By Henry Neondo
The Second Africa Climate Summit (ACS2) opens Monday in Addis Ababa with leaders, ministers, civil society, youth, and private sector actors gathering under the theme “Accelerating Global Climate Solutions: Financing for Africa’s Resilient and Green Development.” Over 25,000 delegates are expected to attend the three-day event, which Ethiopian officials have described as “a defining moment” for the continent’s climate future
At a pre-Summit press conference on Sunday in Addis Ababa, Ethiopia’s Minister of Planning and Development, H.E. Dr. Fitsum Assefa, who is also the National Coordinator of ACS2, underscored Africa’s dual reality: contributing less than 4% of global emissions but bearing some of the harshest climate impacts.

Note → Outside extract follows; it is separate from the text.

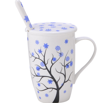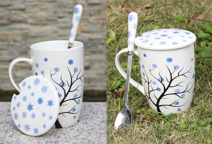 外观:简约的杯身外形、以白色为底色、一棵黑色的树枝为杯身的主图案、大约占杯身面积的三分之一、其余面积以蓝色雪花做点缀、使整个图案更有意境感、杯身图案虽然简洁但不失时尚韵味、

“Yes, Africa is a victim of climate change, but it is also providing climate solutions,” she told journalists at the pre-summit press conference.
The Summit is expected to deliver the Addis Ababa Declaration, a unified African position ahead of COP30 in Brazil, while pushing for reforms in global finance and scaled-up resources for adaptation, renewable energy, and nature-based resilience.
But as conversations focus on scaling up carbon markets, the African Coalition of Communities Responsive to Climate Change (ACCRCC) has cautioned against a top-down approach. Instead, the coalition is calling for carbon credits to cascade to grassroots communities—the true custodians of Africa’s forests, rangelands, and water bodies.
“Scaling up sounds good in theory, but in practice it often sidelines the very communities who live with and depend on these ecosystems,” said ACCRCC in a statement. “Cascading means ensuring finance, rights, and decision-making trickle down directly to the ward, village, and household levels where climate resilience is lived daily.”
Carbon markets have long faced criticism for opaque contracts, limited benefit-sharing, and weak community involvement in monitoring. According to ACCRCC, scaling without safeguards risks repeating extractive patterns where intermediaries profit while villagers see little change in their livelihoods.
Africa’s opportunity
With devolved governance structures and strong community associations, countries like Kenya, Ethiopia, and Tanzania are well positioned to pioneer this approach. From Samburu’s community conservancies to Busia’s smallholder agroforestry clusters, grassroots institutions already exist to anchor carbon finance.
By adopting cascading, ACS2 could help Africa move beyond being a source of cheap offsets for the Global North and instead build a model of community-driven climate finance integrity.
Over the next three days, leaders will engage in high-level sessions, fireside chats, and more than 199 side events, with 23 national and partner pavilions set up at the Addis International Convention Centre
For ACCRCC and its grassroots partners, the true measure of success will be whether Africa’s climate finance architecture finally delivers for the women, youth, and pastoralists whose daily struggles define resilience.
“Africa’s landscapes have served the world’s climate for centuries. It is time the world served Africa’s communities in return—from the top tables to the last mile,” ACCRCC concluded.